Karen Peacock (00:17): Hi, I'm Karen Peacock, and I'm the CEO of Intercom.
Nick Mehta (00:19): Hi, I'm Nick Mehta, CEO of Gainsight.
Manny Medina (00:22): Hi, I'm Manny Medina. I'm the co-founder and CEO of Outreach.
Nick Mehta (00:27): Well, Manny and Karen, it's so awesome having you here to have a discussion about how we all run our businesses and what we've all learned over the years. There's so much to talk about. I think one of the things that might be helpful for everyone is to start with the strategy about how we all thought about go-to-market. From my own vantage point, I think we all read all the time about product-market fit. It's probably the biggest buzzword in the drinking game of SaaS, is if you do a shot every time you hear product-market fit, you'd probably be drunk by noon. That product-market fit concept, in my opinion, sometimes hides the fact that the founding team and the executive team, their own background might influence what type of product, what type of market, what type of go-to-market you go after. Some founders might be really into technology and products. Some might be into customers. I'd be really interested in how you think the DNA of your team, in terms of both the founding team and the current team, affected how you decided where to focus in your market.
Karen Peacock (01:28): Our founding team is a group of folks who are highly focused on building great products, and so Intercom started out as a product-first company, really for other startups, and that has stayed very much in our DNA of being a product-first company. And then over the years, we built out our go-to-market motion, but we started with great products and really no specific go-to-market other than the word of mouth of having a great product. We started then by adding in great content, and we used that to drive basically inbound demand, but in a way that content was really just another form of a product that we were delivering and giving to folks. Then, it wasn't until a few years after that, we really started building out our sales and marketing motion, building out a combination of inbound and outbound, so we really started with product and built up from there. We've steadily moved up market through the years as well, starting with more selling to very small businesses, and now we very much sell to mid-market and enterprise companies.
Nick Mehta (02:28): I think it's super interesting because I could imagine an alternate universe Intercom that had founders that were more about sales and meeting people that wouldn't have started the same way you did, so that the team dynamic influenced the early path.

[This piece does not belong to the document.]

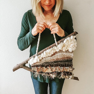 Nature is both her muse and medium. “Being a fiber and mixed media artist, and surrounded by the stunning natural environment of Idaho, I can’t help but incorporate nature’s elements into my woven wall hangings.” Her looms are often crafted from y-shaped branches or repurposed objects. “Lately, I weave on bicycle wheels, wood tennis rackets, farm tools, and old metal sprockets,” she says with a grin. “Just in case you come across a vintage car grill... please give me a call! Really... I mean it.”

Did that make it harder later on to then adopt those other motions that you had to bring in as you came in, or what was that like as the business evolved itself?
Karen Peacock (02:51): I joined Intercom about three years ago, and when I first joined, I was hearing things from the sales team like, "Hey, we're asking the product teams to build certain things and they're not necessarily building those things." That's a classic conflict there.
Nick Mehta (03:07): Yeah.
Karen Peacock (03:08): The "Aha" that we had was to connect our product teams to customers and to share with our product teams the problems to be solved, not the solution. So rather than saying, "I need a feature X. I need ticketing," it's, "I need to be able to solve complex workflows where I can break down a customer ask into these different pieces and get that information back to them," and then connecting the product teams with customers was a massive unlock for us and really, really helped us scale as a up-market company that we are today.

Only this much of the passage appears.